[Data shown — start]

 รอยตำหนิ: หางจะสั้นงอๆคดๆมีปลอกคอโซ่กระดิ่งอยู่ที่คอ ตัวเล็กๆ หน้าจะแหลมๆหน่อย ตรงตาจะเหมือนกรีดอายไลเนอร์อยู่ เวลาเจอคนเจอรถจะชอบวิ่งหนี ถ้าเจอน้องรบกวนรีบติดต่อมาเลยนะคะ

[Data shown — finish]
[Data shown — start]

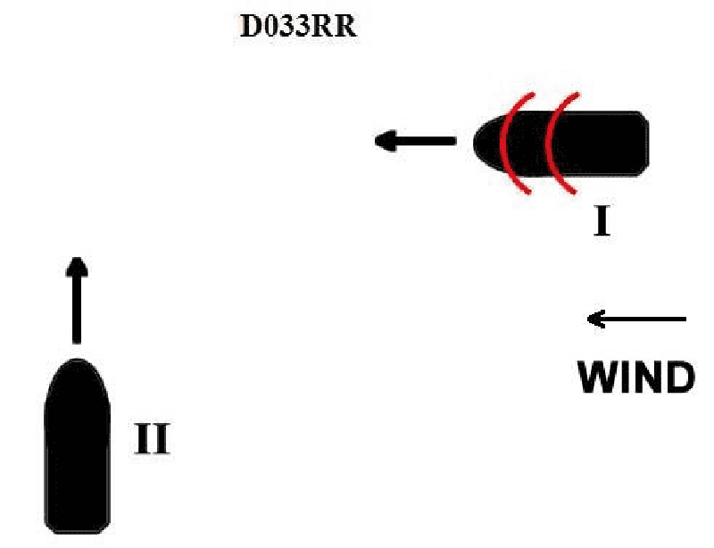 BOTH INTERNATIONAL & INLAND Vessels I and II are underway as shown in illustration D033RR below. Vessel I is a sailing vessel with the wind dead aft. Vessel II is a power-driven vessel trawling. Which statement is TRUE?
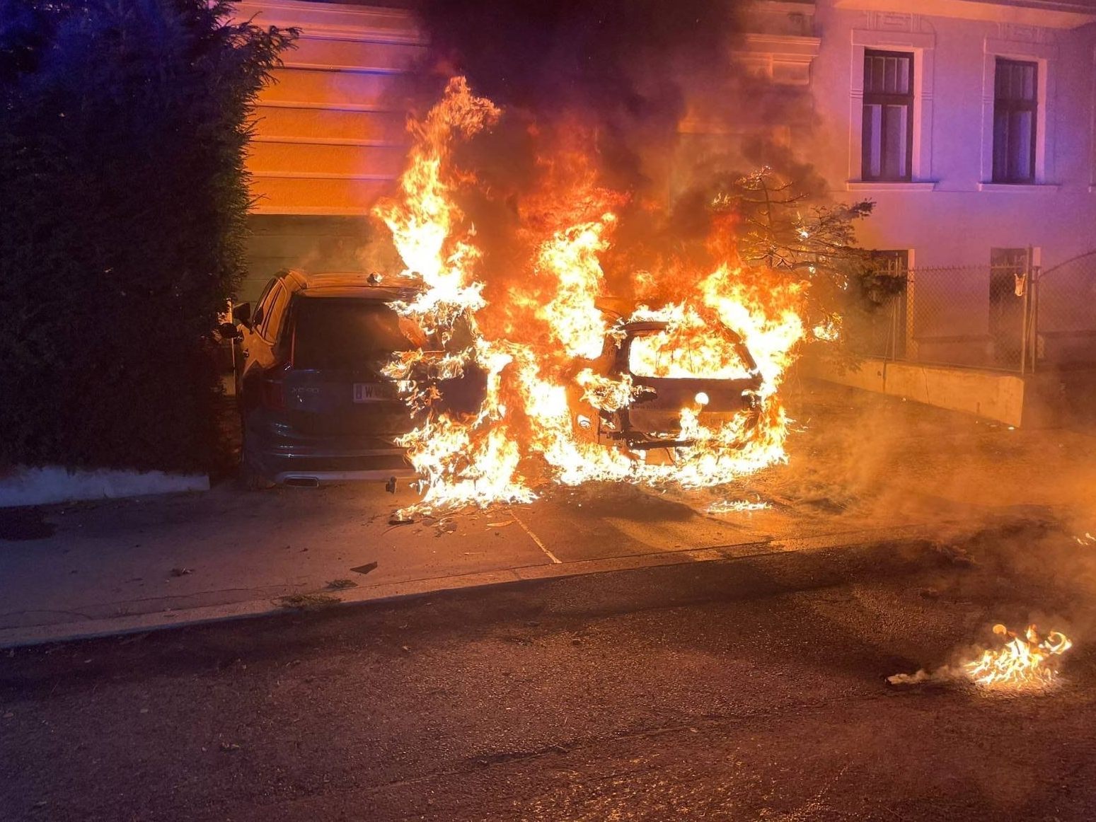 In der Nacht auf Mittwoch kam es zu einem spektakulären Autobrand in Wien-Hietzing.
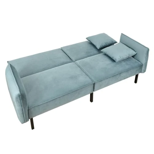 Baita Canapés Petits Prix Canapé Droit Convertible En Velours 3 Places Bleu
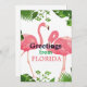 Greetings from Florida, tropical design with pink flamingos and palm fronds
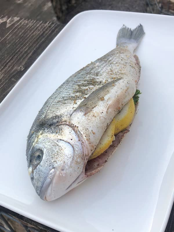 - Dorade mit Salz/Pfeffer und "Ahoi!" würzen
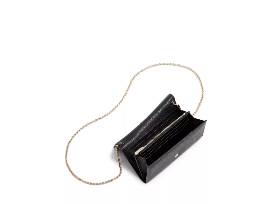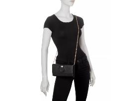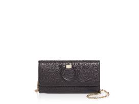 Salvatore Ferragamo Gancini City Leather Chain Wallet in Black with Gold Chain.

[Data shown — finish]

- [Action item]: Go back to the listing above and reproduce, exactly, the stretch from the line bearing "BOTH INTERNATIONAL &" through the line bearing "Salvatore Ferragamo Gancini", without its pictures.

- [Answer to the exercise]:
 BOTH INTERNATIONAL & INLAND Vessels I and II are underway as shown in illustration D033RR below. Vessel I is a sailing vessel with the wind dead aft. Vessel II is a power-driven vessel trawling. Which statement is TRUE?
 In der Nacht auf Mittwoch kam es zu einem spektakulären Autobrand in Wien-Hietzing.
 Baita Canapés Petits Prix Canapé Droit Convertible En Velours 3 Places Bleu
 Greetings from Florida, tropical design with pink flamingos and palm fronds
 - Dorade mit Salz/Pfeffer und "Ahoi!" würzen
 Salvatore Ferragamo Gancini City Leather Chain Wallet in Black with Gold Chain.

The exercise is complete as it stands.